We get cholesterol in two ways: the liver makes the proper amount the body needs, and we consume more in foods that come from animals, including meat, chicken, fish, eggs and dairy products.

"Normal cholesterol level ranges depend on individual risk factors for heart disease," Dr. Roth says. "For a woman with no risk factors, her ideal HDL level is greater than 50 mg/dL, her ideal LDL level is between 100 and 129 mg/dL, and her ideal triglyceride level is less than 150 mg/dL."

There are many ways to maintain healthy cholesterol levels.
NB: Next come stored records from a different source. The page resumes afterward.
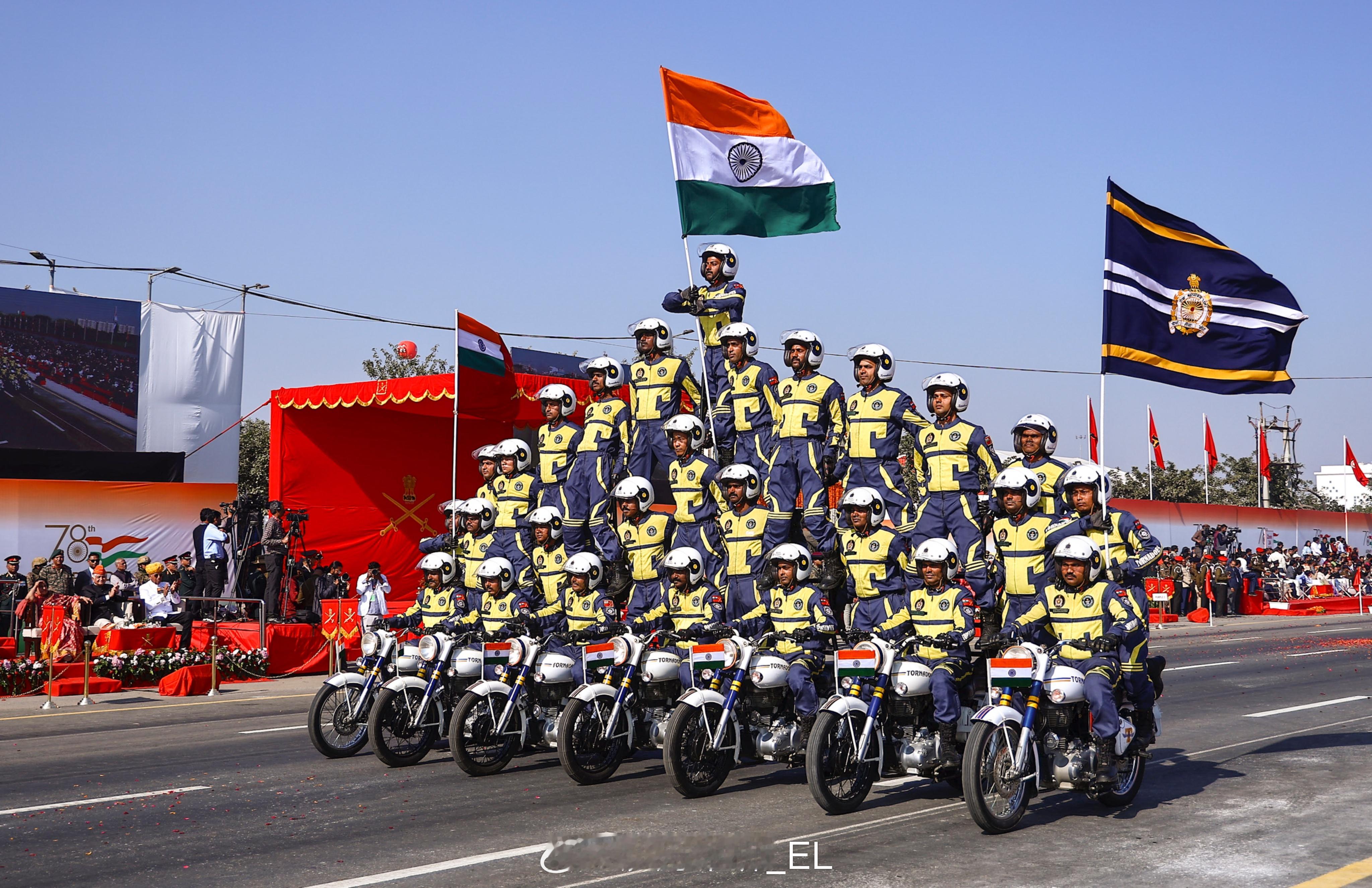 昨天印度的阅兵,摩托车叠罗汉的保留节目还在。
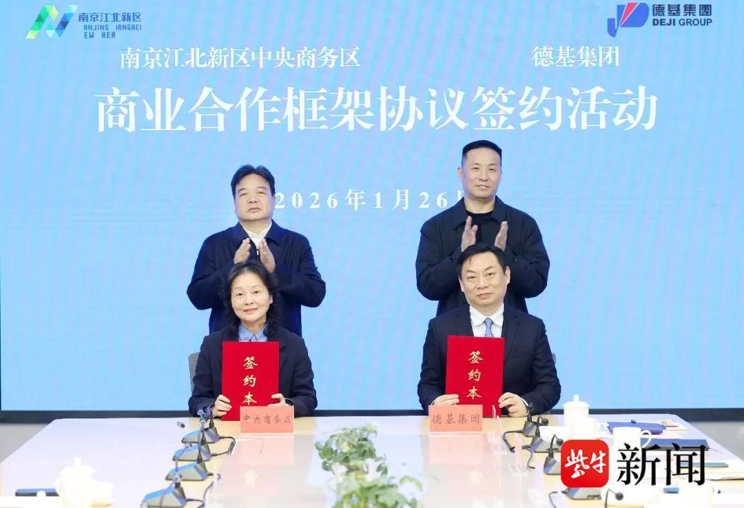 扬子晚报网1月26日讯(通讯员 江小北 记者 刘丽媛)1月26日,南京江北新区中央商务区与德基集团签署江北新主城核心区商业合作框架协议。新街口“网红”商场德基将在江北新区打造商业街区。
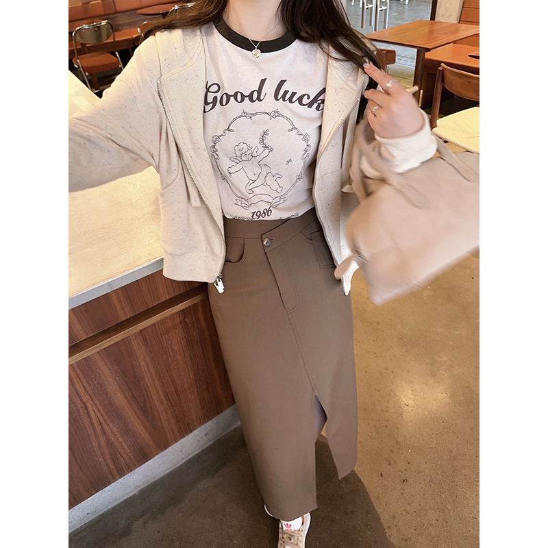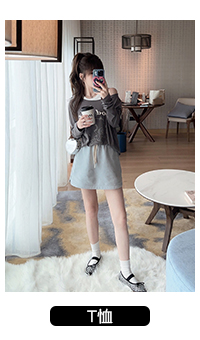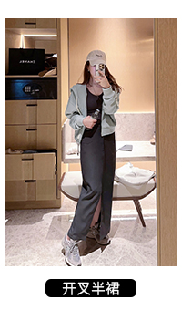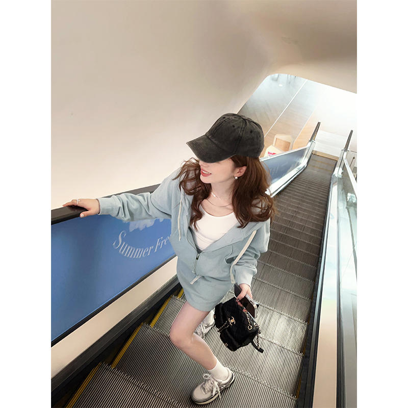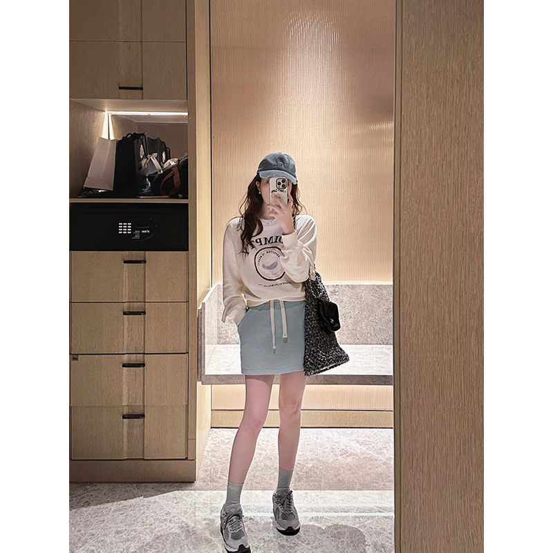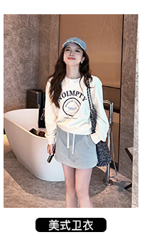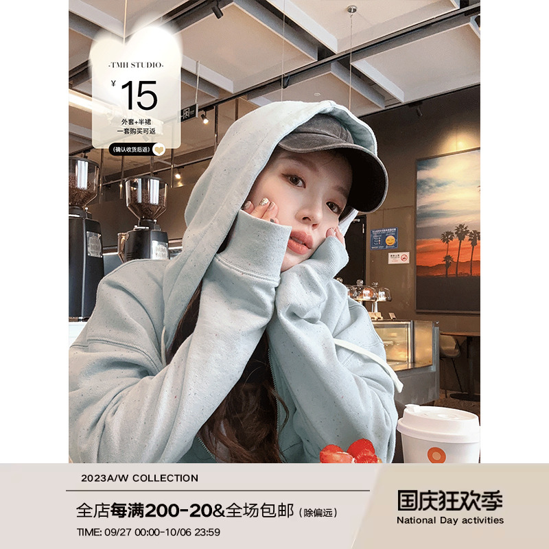 TMH STUDIO 顆粒冰淇淋/慵懶短款連帽運動衫外套女秋季半身裙兩件套
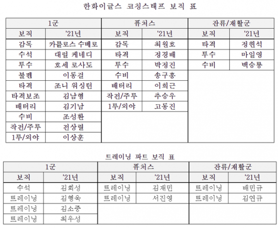 한화는 "코치진 구성 완료에 따라 향후 1군과 퓨처스, 잔류/재활군에 이르기까지 일원화된 시스템으로 코칭이 진행될 수 있도록 전략적인 소통과 교류를 진행해 나갈 방침"이라고 밝혔다.
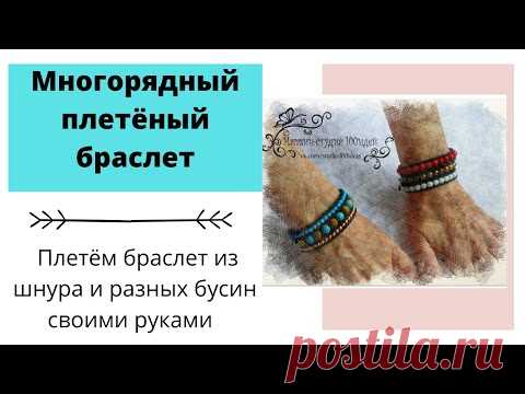 Многорядный плетёный браслет из бусин и шнура. Мастер-класс. | Украшения из бисера: схемы, мастер классы

Dr. Roth emphasizes a balanced diet: "Decrease saturated fats and increase fiber intake." She also suggests consuming fish oil two to three times per week, avoiding high-mercury fish, eating nuts and drinking green tea.

"Moderate alcohol intake can also safely increase levels of good cholesterol," Dr. Roth says. "Limit it to one drink per day for women and one to two drinks per day for men."

"Reducing bad cholesterol affects good cholesterol, so exercise is important," Dr. Roth says. She recommends aerobic exercise, such as walking, running, swimming, cycling and dancing, for 30 minutes per day, several days per week.

According to Dr. Roth, the direct impact of cholesterol on fertility hasn't been determined conclusively; however, there is evidence that statins, drugs used to lower cholesterol, cause abnormalities in fetal development.

"If you are taking a statin and want to try to get pregnant, stop taking the drug at least three months before trying to conceive," Dr. Roth says.

"It's important to consult with your doctor to talk about your health and the risks involved with trying to get pregnant," Dr. Roth says. "Overall, a healthy lifestyle will improve your physical and mental state and decrease the potential negative impacts cholesterol has on fertility."